Social distancing is one of the most important measures to prevent the spread of COVID-19. CCTV cameras may be used to track whether people are following the recommendation of 2-meter minimum distance between individuals in public places.
A recent study suggests a technology based on deep neural networks to detect people, track them, and estimate the distances. This system may be used in different lighting and visibility conditions and can be applied on different types of CCTV cameras with any resolution.
By analysing the movement of people, it is possible to determine the number of people who violate the social-distancing measures, the time of the violations for each person and to identify the zones of highest risk. This technology can also be applied in other surveillance security, pedestrian detection, or autonomous vehicles systems.
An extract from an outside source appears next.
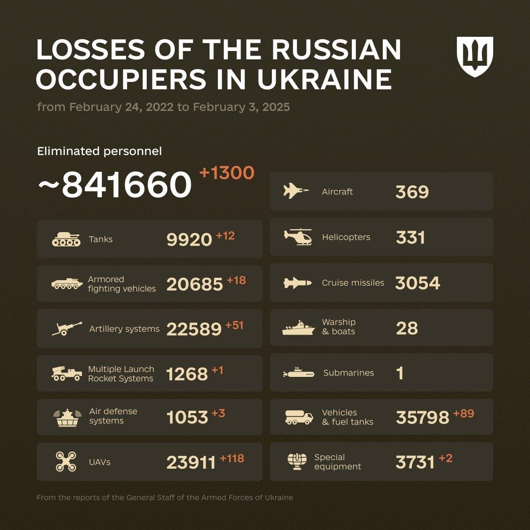 The combat losses of the enemy from February 24, 2022 to February 3, 2025. pic.twitter.com/JUqlNND7MR

Social distancing is a recommended solution by the World Health Organisation (WHO) to minimise the spread of COVID-19 in public places. The majority of governments and national health authorities have set the 2-meter physical distancing as a mandatory safety measure in shopping centres, schools and other covered areas. In this research, we develop a generic Deep Neural Network-Based model for automated people detection, tracking, and inter-people distances estimation in the crowd, using common CCTV security cameras. The proposed model includes a YOLOv4-based framework and inverse perspective mapping for accurate people detection and social distancing monitoring in challenging conditions, including people occlusion, partial visibility, and lighting variations. We also provide an online risk assessment scheme by statistical analysis of the Spatio-temporal data from the moving trajectories and the rate of social distancing violations. We identify high-risk zones with the highest possibility of virus spread and infections. This may help authorities to redesign the layout of a public place or to take precaution actions to mitigate high-risk zones. The efficiency of the proposed methodology is evaluated on the Oxford Town Centre dataset, with superior performance in terms of accuracy and speed compared to three state-of-the-art methods.